Но это не принесло успокоения. Придя домой, они с Кэрол поссорились. Они некрасиво кричали друг на друга - точь-в-точь дерущиеся павлины в прериях, где приличия и условности были бы смешной и нелепой причудой. Теперь ему было стыдно за свою несдержанность. Не следует отвечать грубостью на грубость, если считаешь себя воспитанным человеком. Он хотел поговорить спокойно, но Кэрол не дала ему, черт возьми! Она решила сунуть мальчишку в эту чудовищную машину, чтобы та раздавила его. Она хочет, чтобы на нем поскорее поставили штамп и номер, чтобы побои и пинки сопровождали его от детской площадки и детского сада до дверей школы и университета, а потом даже и там. Если Джиму повезет, в университете истязание и жестокость примут более утонченные формы, не будет крови и слюны, они останутся по ту сторону детства. Но у Джима к годам его зрелости появится Бог весть какой взгляд на жизнь, может, он сам захочет стать волком среди волков, псом среди псов, злодеем среди злодеев. Однако в мире и без того слишком много зла, больше, чем следует. Мысль о десяти-пятнадцати годах мучений, которые предстоит перенести Джиму, заставила мистера Андерхилла содрогнуться. Он чувствовал, как хлещут, жгут, молотят кулаками его собственное тело, как выворачивают суставы, как избивают и терзают его. Он содрогнулся, он почувствовал себя медузой, брошенной в камнедробилку.
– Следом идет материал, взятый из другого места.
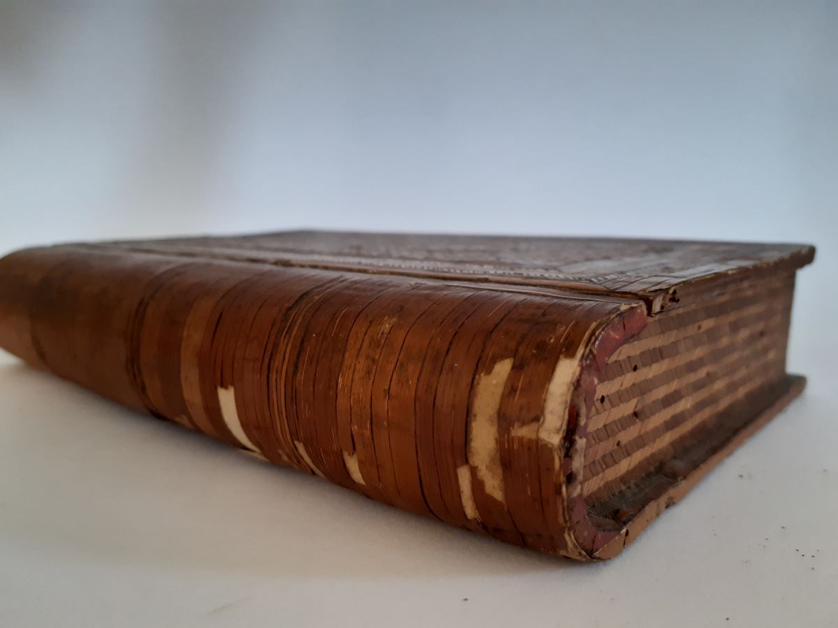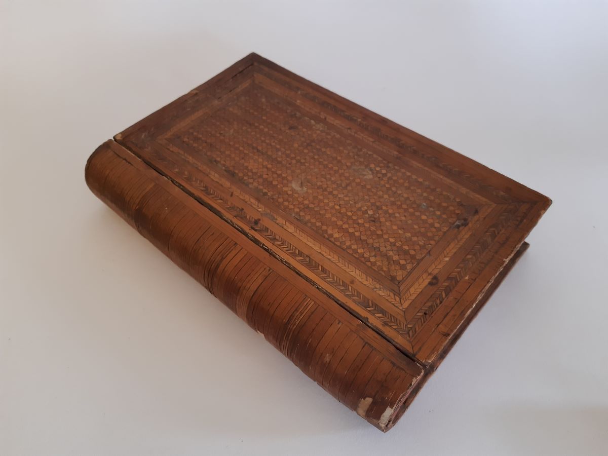 Here is a straw-work box in the form of a book, original mirror inside the lid. From the early 1800's, there is some slight damage. Measures 10'' long.
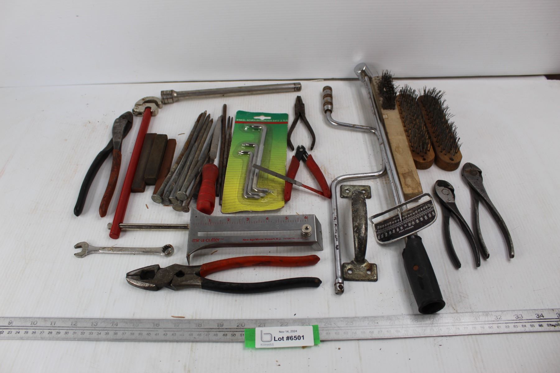 Lot Of Various Tools/ Hardware Items, Pliers, Wire Brushes, Misc.

Джим не выдержит этого, он слишком мал, слишком слаб!
Все эти мысли лихорадочно проносились в голове мистера Андерхилла, пока он беспокойно бродил по комнатам спящего дома. Он думал о себе, о сыне, о детской площадке и о не покидавшем его гнетущем чувстве страха. Казалось, не было вопроса, который он не задал бы себе и не обдумал со всех сторон. Какие из его страхов - результат одиночества и смерти Энн, а что просто собственные причуды, желание настоять на своем? Какие из страхов вызваны реальной действительностью, тем, что он увидел на детской площадке и в лицах детей? Что разумно, а что нелепые домыслы? Мысленно он бросал крохотные гирьки на чашу весов и смотрел, как вздрагивает стрелка, колеблется, замирает, снова колеблется то в одну, то в другую сторону - между полуночью и рассветом, между светом и тьмой, простым разумом и откровенным безумием. Он не должен так держаться за сына, он должен отпустить его. Но, когда он глядел в глазенки Джима, он видел в них Энн: это ее глаза, ее губы, легкое трепетание ноздрей, пульсирующая жилка под тонкой кожей. "Я имею право бояться за Джима, - думал он. - Имею полное право. Если у вас было два драгоценных сосуда и один из них разбился, а другой, единственный, уцелел, разве можно быть спокойным и благоразумным, не испытывать постоянной тревоги и страха, что и его вдруг не станет? Нет, - повторял он, медленно меряя шагами коридор, нет, я способен испытывать только страх, страх, и более ничего".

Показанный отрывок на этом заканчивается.